Physically, men experience a loss in strength and less muscle tone. This is coupled with increased weight and an accumulation of abdominal fat.

Serious Health Problems can Also Occur

One third of men with diabetes have low-testosterone. Men can also have anemia and bone loss. Approximately 20 percent have osteoporosis.

Recent research shows low-testosterone can increase the risk for cardiovascular disease (CVD), insulin resistance and increased mortality from CVD and cancer.

Multiple mainstream medical journals have shown the dangers of Low T. Testosterone below 250ng/dl increases the all-cause mortality (the annual number of deaths in a given age group per the population of that age group) by 2.32 times!  The cardiovascular mortality is also more than doubled to 2.56 times the risk. Cancer mortality is more than tripled at 3.46 times the risk.

So men, for your health, your sexual activity and your well-being, have your testosterone levels checked and seek the appropriate treatment. Your life depends on it.

Penis Fracture

Do you have pain with intercourse? Many problems can cause painful intercourse, including allergy to a contraceptive, anxiety, prostatitis, infection or dryness in the partner.

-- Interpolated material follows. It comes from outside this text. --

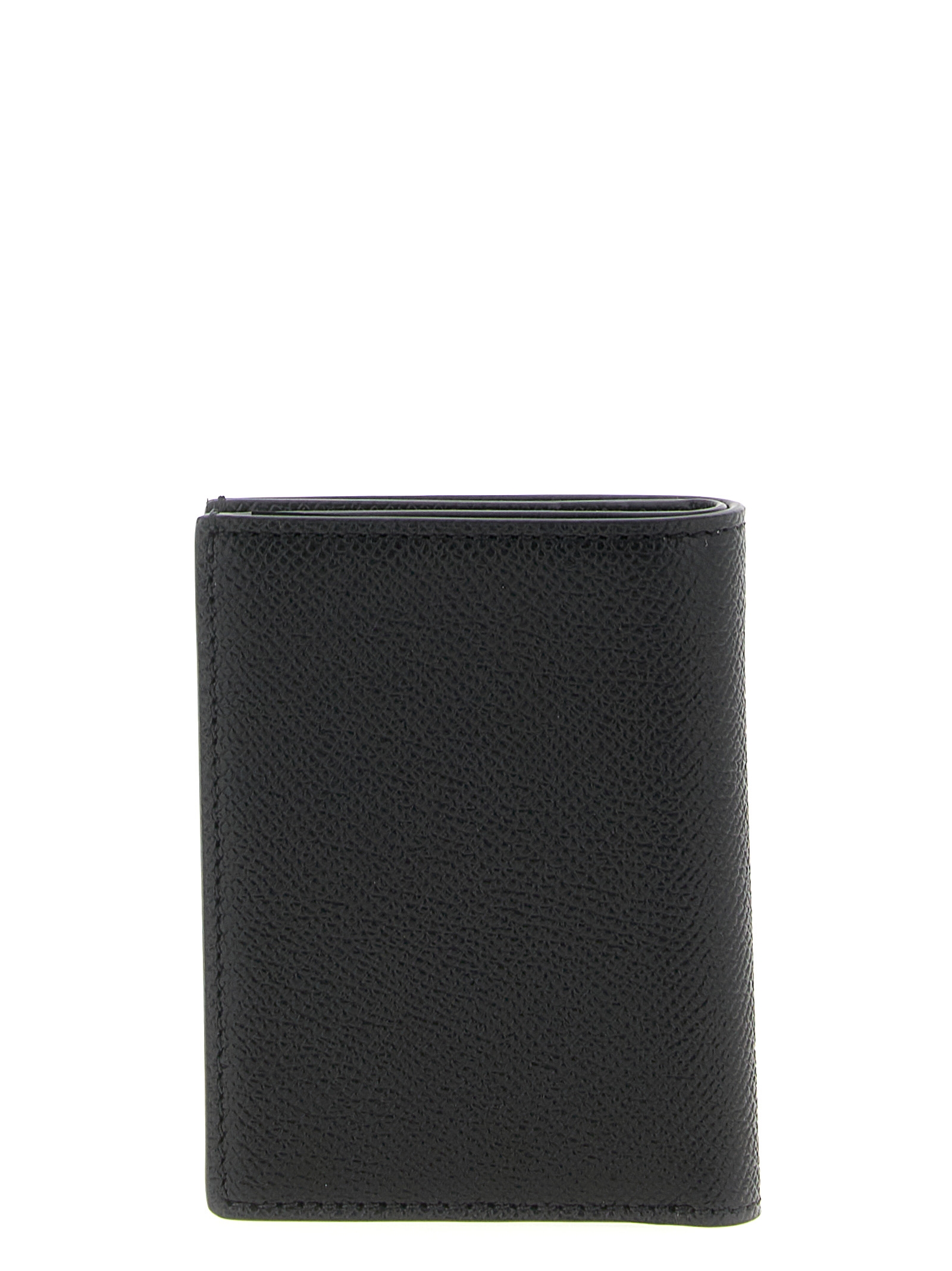 Складной держатель для карт из мелкозернистой кожи с серебристым металлическим логотипом на передней части.Характеристики товара

According to the Mayo Clinic, a penis fracture can occur. If the penis is forcefully bent when it is engorged, a fracture of the corpus cavernosum can result in a fracture. The trauma is usually related to aggressive or acrobatic sexual intercourse or, in some cases aggressive masturbation. So handle it with care.

Stress and Heart Attacks

Another situation where acrobatic intercourse can occur may actually lead to a cardiac arrest. It is common knowledge that stress plays a major role in symptoms and illnesses. The relationship between stress, heart disease and sudden death has been recognized since antiquity.

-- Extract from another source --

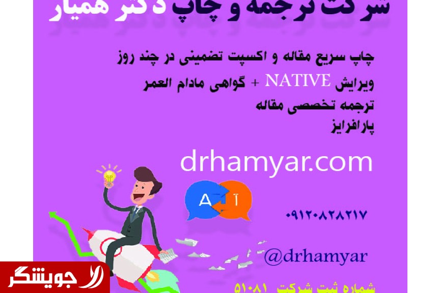 Specialized translation of scientific articles book translation Translation of company brochures in all languages NATIVE editing and translation with a lifetime certificate Increasing article citations Participation in the publication of the article Fast printing of the article and the main exp of several days Paraphrasing Strengthening and correcting the article Please visit DRHAMYAR.COM for more information and place an order or call 09120828217. Company email mailto:DR.HAMYAR@GMAIL.COM

One of the ways a man can decrease the risk of a heart attack is to have sex with his wife instead of his girlfriend. Scientists have warned that men who cheat on their wives have an increased risk of sudden death from cardiac arrest during sex. This is because they are often with younger women in unfamiliar settings, which adds extra stress. This revelation emerged from a report in the Journal of Sexual Medicine.

Professor Glenn Levine, from Baylor College of Medicine in Houston, said autopsy reports of nearly 6,000 cases of sudden death found 0.6 percent happened during sex. Although a small proportion of the total, up to 93 percent of those who died during sex were thought to be engaging in extra-marital sex!(Circulation, 2012).

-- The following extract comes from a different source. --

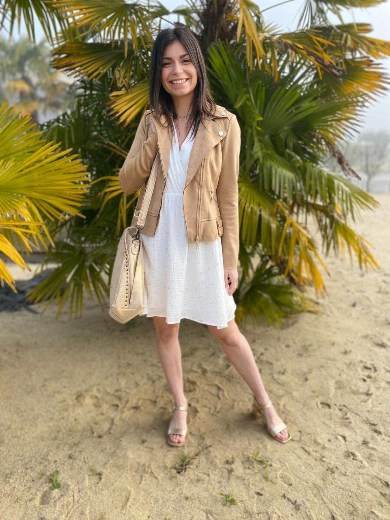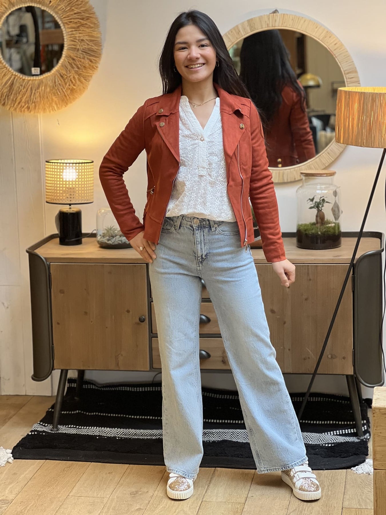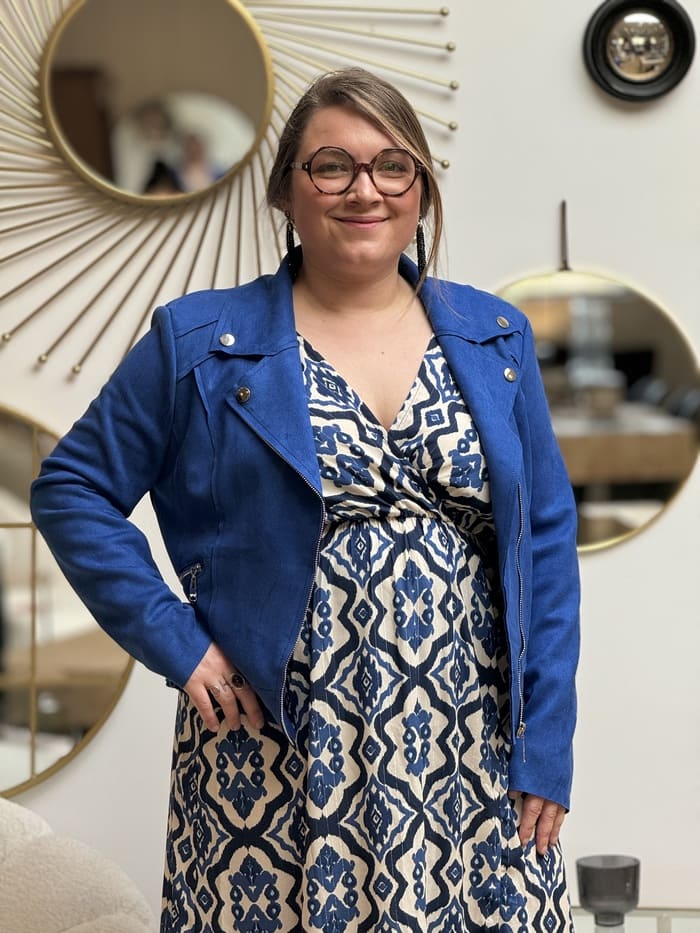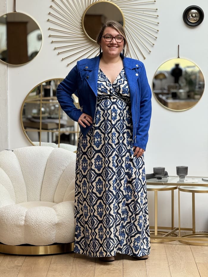 Margaux měří 1m55. Nosí velikost 2XL (44) pro tento model.

Another recent study found in the Journal of Sexual Medicine, shows that unfaithful men risk not only their marriage but also their cardiac health, and sexual encounters away from home and with younger women are particularly dangerous.

The precise reasons for the increase in heart attack death are still unclear, but researchers suggest that a guilty conscience, stress from keeping the affair a secret, and the stress of wining, dining and satisfying a woman who is likely to be younger than the man’s wife could all contribute to the link.


If you find yourself tired or your sexual activity is compromised by joint pain or muscle stiffness, lab testing for neurotransmitters, anemia, hidden food allergies or toxins may start you a healthier, more active path.

Mayo Clinic’s Signs or Symptoms of a Penis Problem

Consult your doctor if you have:

  • Changes in ejaculation.
  • Warts, bumps, bleeding, burning, discharge or rashes.
  • A severely bent penis.

What can you do to keep your penis healthy?

  • Stay healthy. This can be a real motivating factor for men to live a healthy lifestyle.
  • Be sexually responsible.
  • Stay physically active.
  • Get tested for underlying health issues.
  • Know your medications.
  • Stop smoking and limit alcohol.
  • Routinely examine your penis.
  • Use your penis regularly. Frequent sex can decrease ED.


Relationships are always the key, having a strong component to health and sexual activities. When you are having fun your brain chemistry changes, your energy increases and your overall health improves.

Finally—is it true that the size of the penis is related to ethnicity or shoe size? Well, there is research on that, but what’s really important is that the man thinks it is large and that it works. Most important is that the function of the penis is often a reflection of health, well-being and longevity.